→ Try it: For this exercise, reproduce only the lines from the one holding "Duże, prostokątne przeszklenie" through the final line of the data below, exactly, and omit pictures.

[Data provided — start]

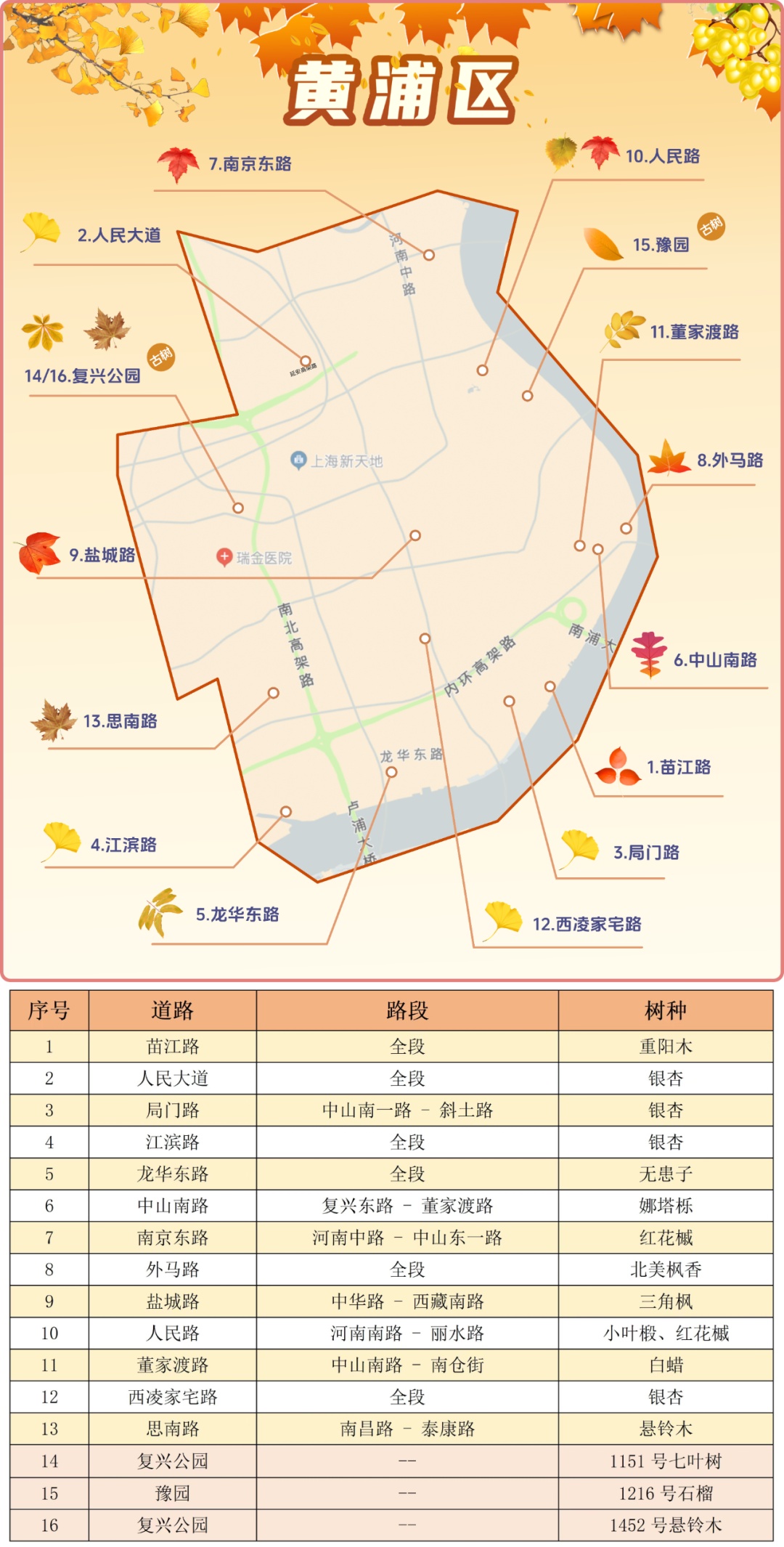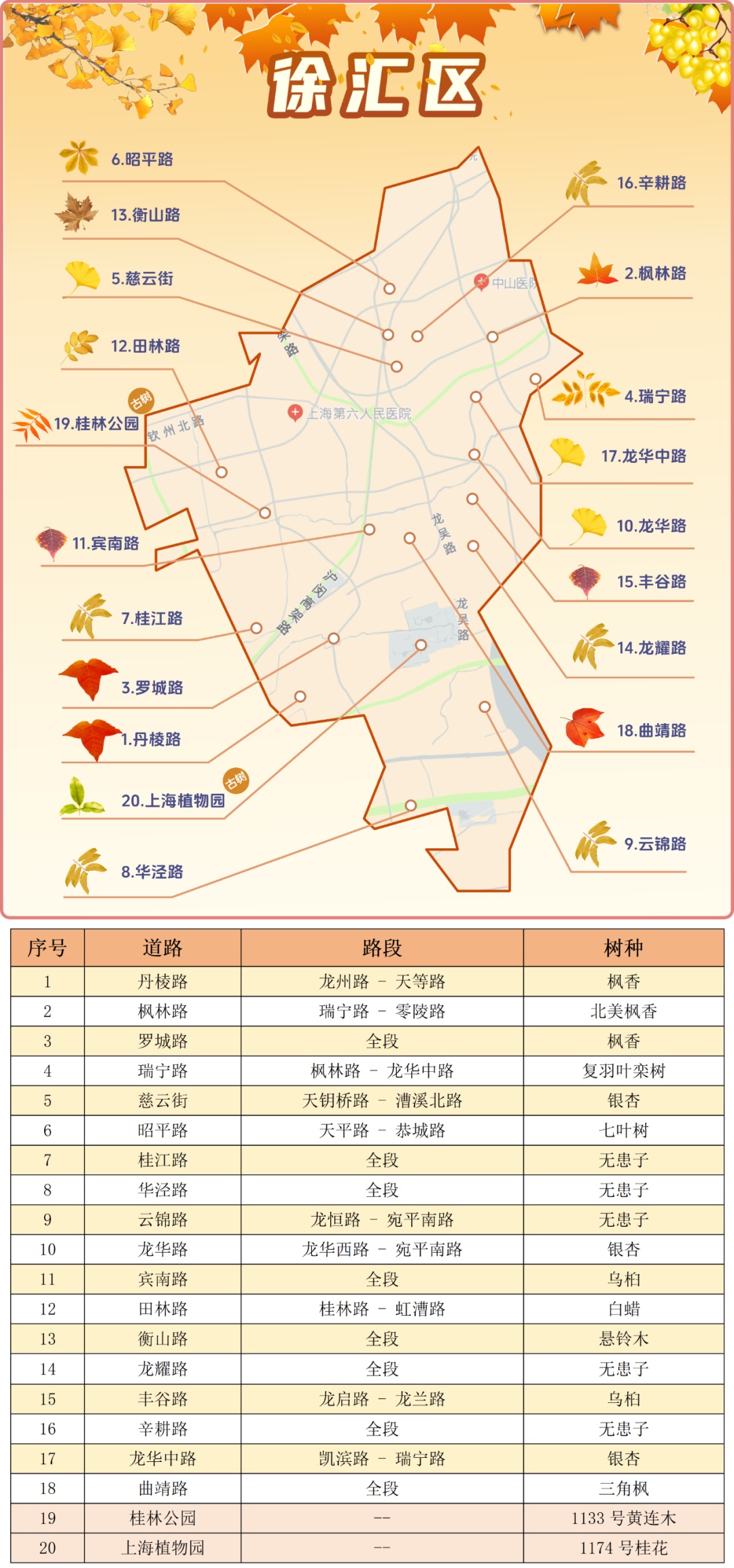 眼下的魔都,美得深邃。市绿化市容局为大家准备了一份上海赏秋必备地图,内有177条秋色景观道路和11个古树名木推荐点,邀你赴一场浪漫的约定:
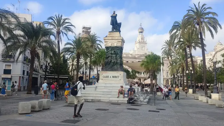 Cielos con algunas nubes y sensación de humedad estos días en Cádiz, como en esta imagen de la Plaza de San Juan de Dios este 20 de agosto. Foto: Eulogio García.
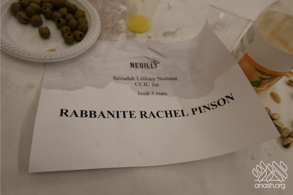 The large and emotional shloshim ceremony took place at the Neuilly shul, with words delivered by many speakers, highlighting the work and dedication of this devoted shlucha.
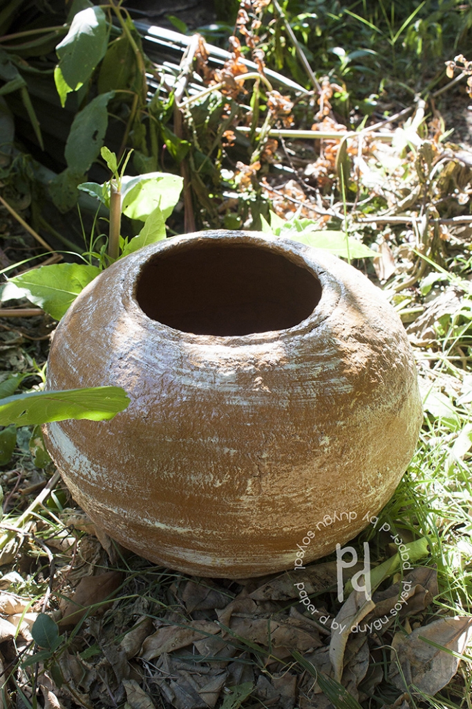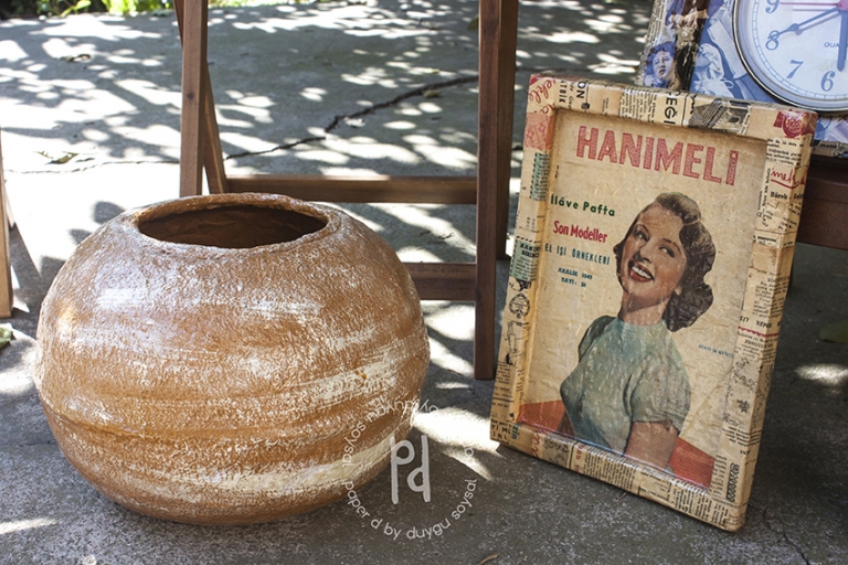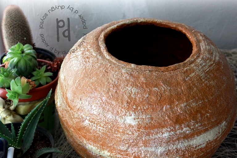Geri dönüştürülmüş kağıtlardan elle şekillendirilerek hazırlanmış dekoratif büyük küp.
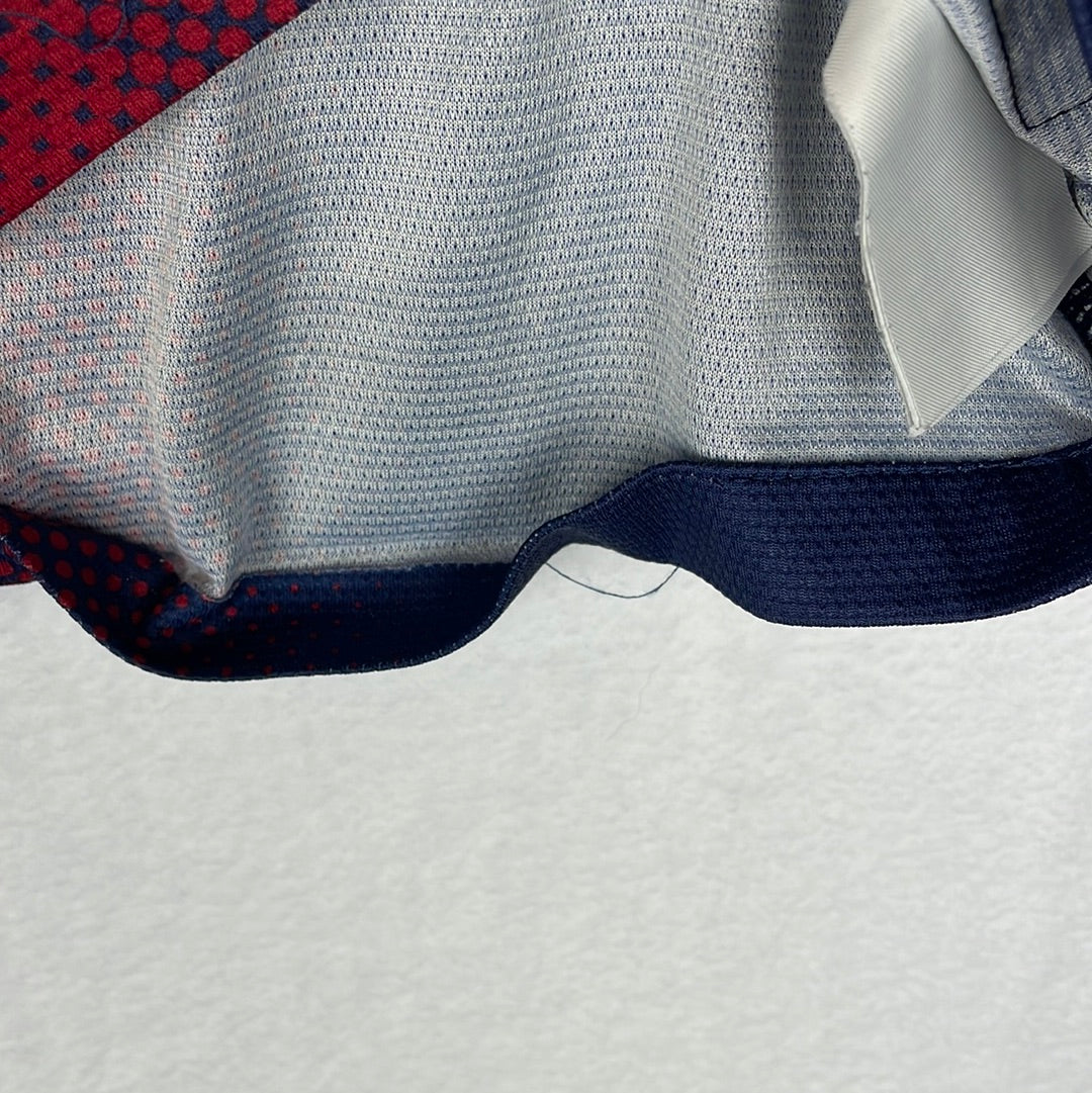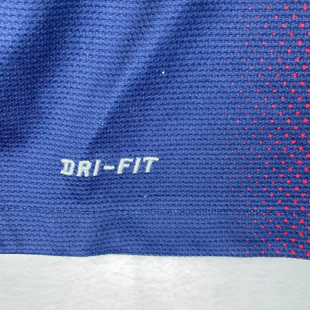 Shirt info: A classic Barcelona shit with just one stripe down the middle that blends into the blue in a spot style. An iconic shirt from Lionel Messi's career. It has a yellow Nike swoosh and yellow Qatar Foundation print on the front.
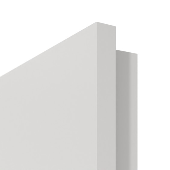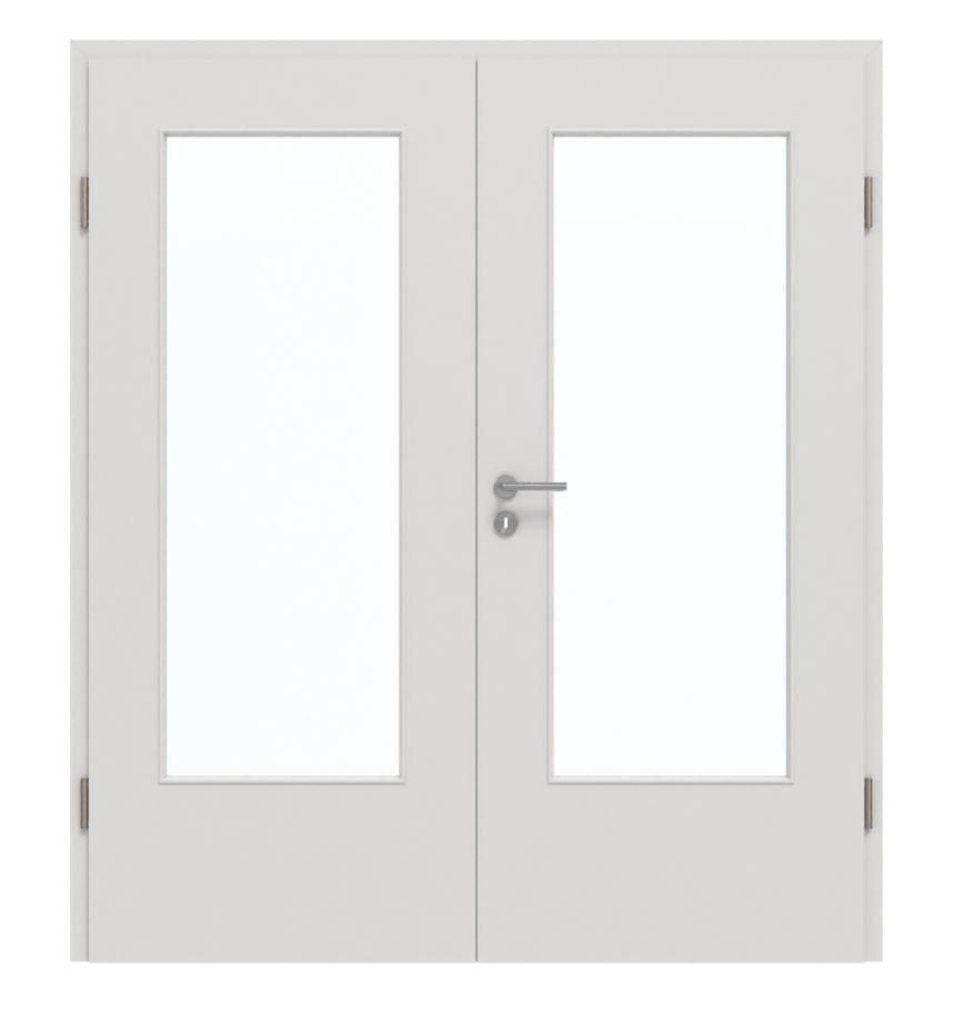 Duże, prostokątne przeszklenie zajmuje większość powierzchni obu skrzydeł drzwiowych. Powierzchnia CePaL w kolorze Silver Grey nadaje skrzydłu drzwiowemu nowoczesny wygląd i jednolity odcień szarości. Warstwa wierzchnia wykazuje się wyjątkową odpornością na ścieranie i uderzenia. Ponadto jest odporna na światło i łatwa do czyszczenia.
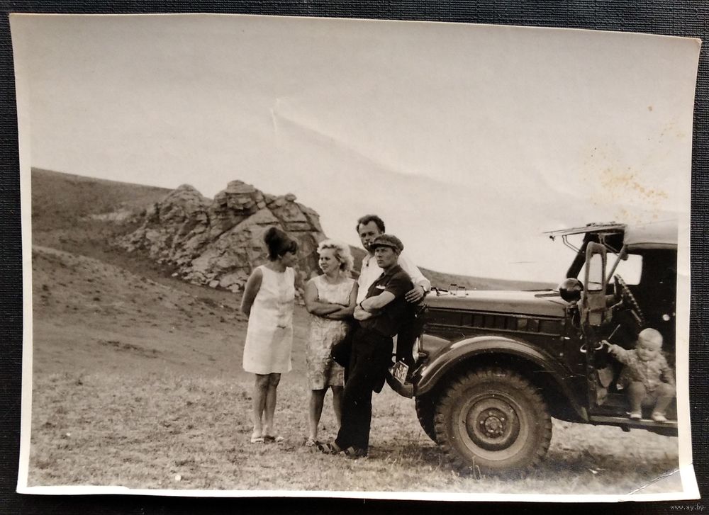 Фото с автомобилем ГАЗ-69. Монголия. 1970 г. 8х11 см.
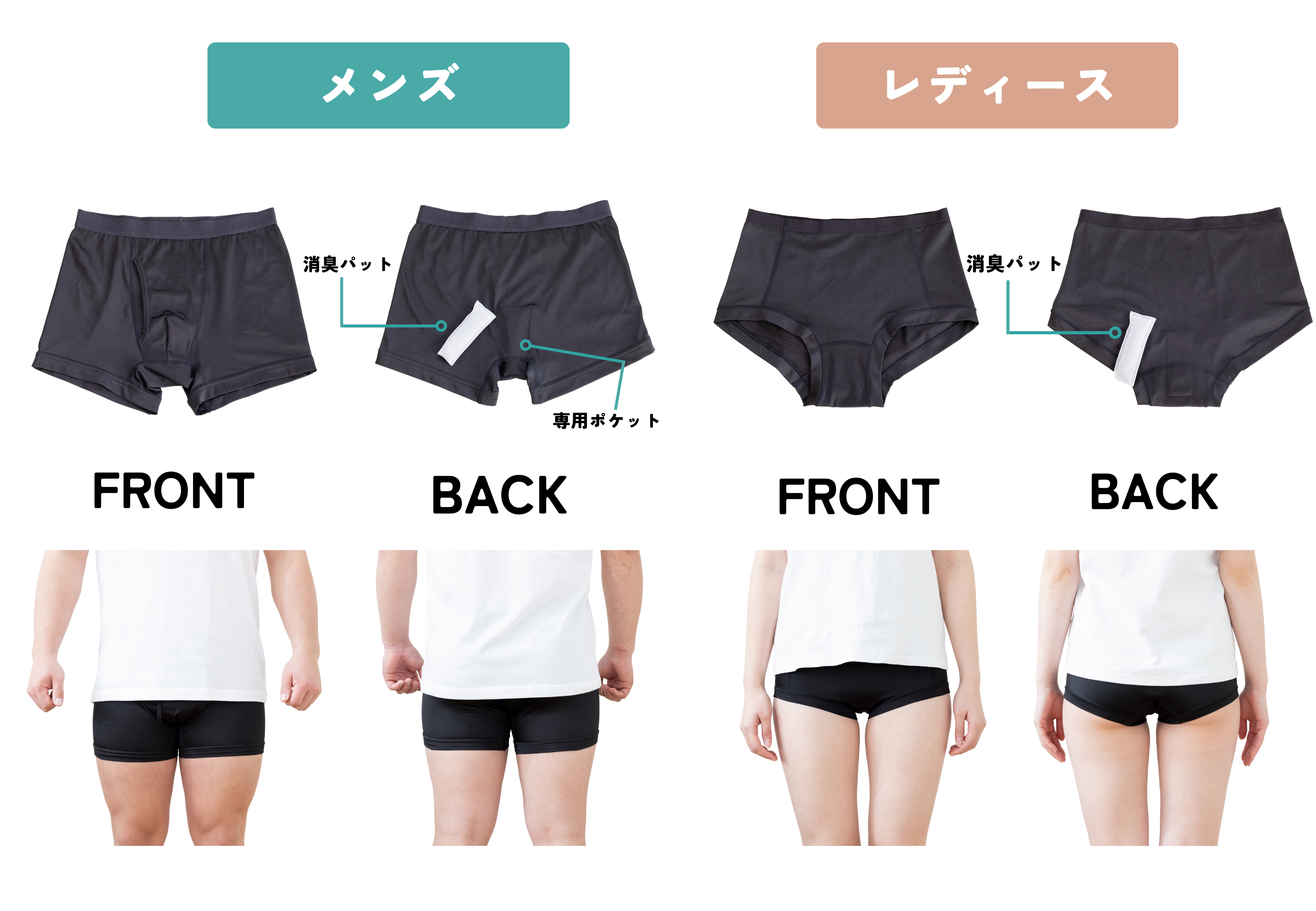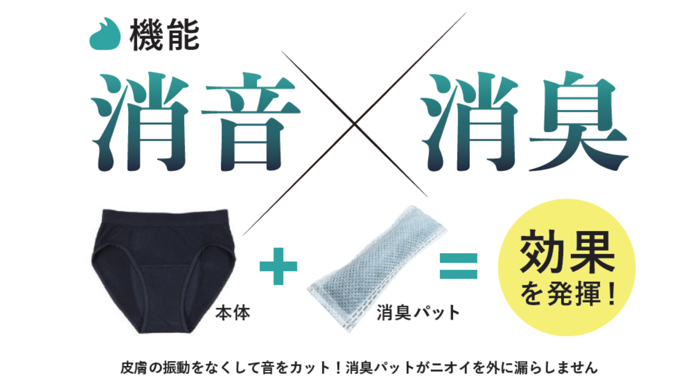 着座時に、おならの音とニオイを両方軽減する機能性パンツ。相談しづらい悩みを、隠すから乗り越える世界へ。
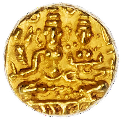 India, Vijayanagar, Hari Hara II (1377-1404), gold Half Pagoda, Umamaheswara type, 1.69g (MNI 877).
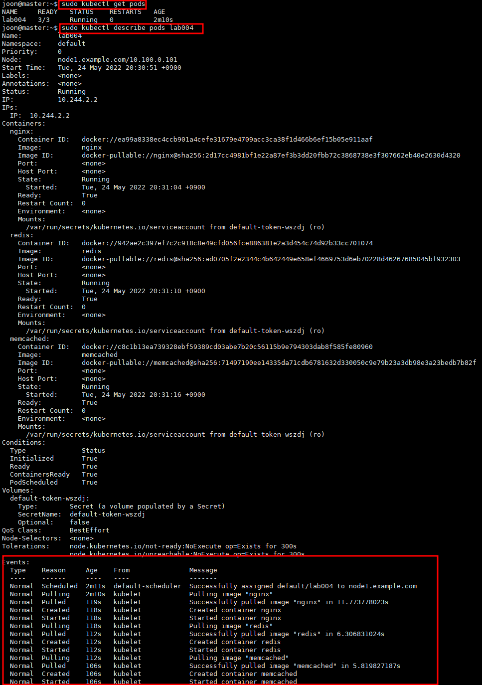 - Create a pod name lab004 with 3 containers running, nginx, redis, memcached

[Data provided — finish]

→ Solution below:
 Duże, prostokątne przeszklenie zajmuje większość powierzchni obu skrzydeł drzwiowych. Powierzchnia CePaL w kolorze Silver Grey nadaje skrzydłu drzwiowemu nowoczesny wygląd i jednolity odcień szarości. Warstwa wierzchnia wykazuje się wyjątkową odpornością na ścieranie i uderzenia. Ponadto jest odporna na światło i łatwa do czyszczenia.
 Фото с автомобилем ГАЗ-69. Монголия. 1970 г. 8х11 см.
 着座時に、おならの音とニオイを両方軽減する機能性パンツ。相談しづらい悩みを、隠すから乗り越える世界へ。
 India, Vijayanagar, Hari Hara II (1377-1404), gold Half Pagoda, Umamaheswara type, 1.69g (MNI 877).
 - Create a pod name lab004 with 3 containers running, nginx, redis, memcached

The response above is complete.